Lahore (Muhammad Yasir) The country’s largest energy company, Pakistan State Oil (PSO) continues to gain momentum and outperform the industry reporting the highest ever half year gross revenue of PKR 1.12 trillion and profit after tax of PKR 32.2 billion (1HY21: PKR 9.5 billion). The net profit translated into a healthy earning per share of PKR 68.56 vs. PKR 20.28 in 1HFY21.
PSO’s Board of Management reviewed the performance of the company together with its subsidiary Pakistan Refinery Limited (PRL) for the first half of the financial year 2021-22 (1HFY22) during the meeting held in Islamabad on February 11, 2022. On a consolidated basis, the group collectively posted a net profit after tax of PKR 32 billion (1HFY21: PKR 9.3 billion).
Chairman, Board of Management, PSO, Mr. Zafar I. Usmani said “This is a momentous occasion, we have once again made history, delivering strong financial performance in the first half of fiscal year 2021-22. Our operational excellence, financial strength and discipline underpin the transformation of the company. While mounting receivables continue to pose a serious threat to PSO’s financial health, we are actively pursuing the matter with the concerned authorities. Going forward, we have a robust strategy in place keeping our customers at its core and are well-positioned to expand our portfolio in-line with our future growth and diversification strategy”.

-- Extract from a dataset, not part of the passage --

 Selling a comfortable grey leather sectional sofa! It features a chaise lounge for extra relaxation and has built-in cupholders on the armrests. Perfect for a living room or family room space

PSO has been on a steady growth trajectory as the company’s profits increased by 238% over the same period last year. The company’s strong operational performance and strategic thrust is reflected in its market share which rose by 340 basis points over the same period last year.

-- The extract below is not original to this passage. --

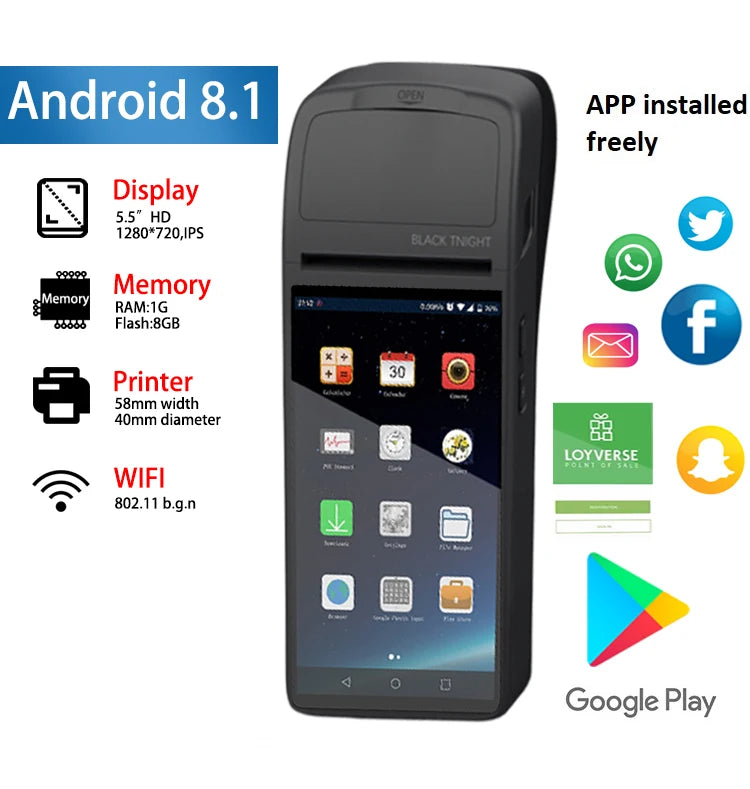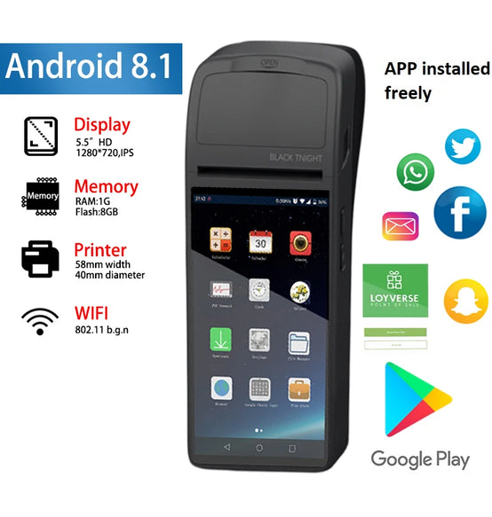 All in one electronic POS terminal point of sale software Android system machine, touch screen monitors handheld printer

PSO continued to outperform the market, leading the downstream sector with volumetric growth of 20.8% in liquid fuels against the industry’s growth of 12.3%, capturing around 48% share of white oil and 60% of black oil markets of the country. Major contributions came from motor gasoline, high speed diesel and furnace oil, in which the company achieved volumetric growth of 15.5%, 18.3% and 30.4% against industry’s growth of 7.9%, 15.2% and 14.1%, translating into market shares of 44.0%, 48.9% and 60.1% against 41.1%, 47.6% and 52.6% as of the same period last year respectively.

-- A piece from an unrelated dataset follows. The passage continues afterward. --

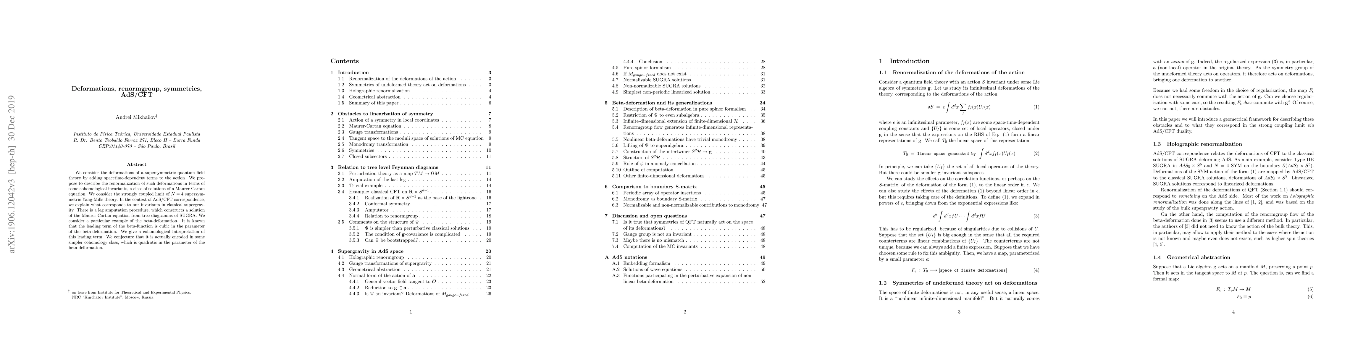 We consider the deformations of a supersymmetric quantum field theory by adding spacetime-dependent terms to the action. We propose to describe the renormalization of such deformations in terms of some cohomological invariants, a class of solutions of a Maurer-Cartan equation. We consider the strongly coupled limit of $N=4$ supersymmetric Yang-Mills theory. In the context of AdS/CFT correspondence, we explain what corresponds to our invariants in classical supergravity. There is a leg amputation procedure, which constructs a solution of the Maurer-Cartan equation from tree diagramms of SUGRA. We consider a particular example of the beta-deformation. It is known that the leading term of the beta-function is cubic in the parameter of the beta-deformation. We give a cohomological interpretation of this leading term. We conjecture that it is actually encoded in some simpler cohomology class, which is quadratic in the parameter of the beta-deformation.

Managing Director & CEO, PSO, Syed Taha said “Our half-year results further reinforce the company’s growth story and our strong standing as the nation’s energy lifeline. I am extremely proud of our teams, who have adapted quickly to the evolving operating environment, while delivering on our long-term strategy. We have ambitious plans to provide innovative and environmentally friendly products and services to our customers, keeping sustainability at the heart of our operations and a steadfast focus on maintaining high levels of safety, quality and customer experience.”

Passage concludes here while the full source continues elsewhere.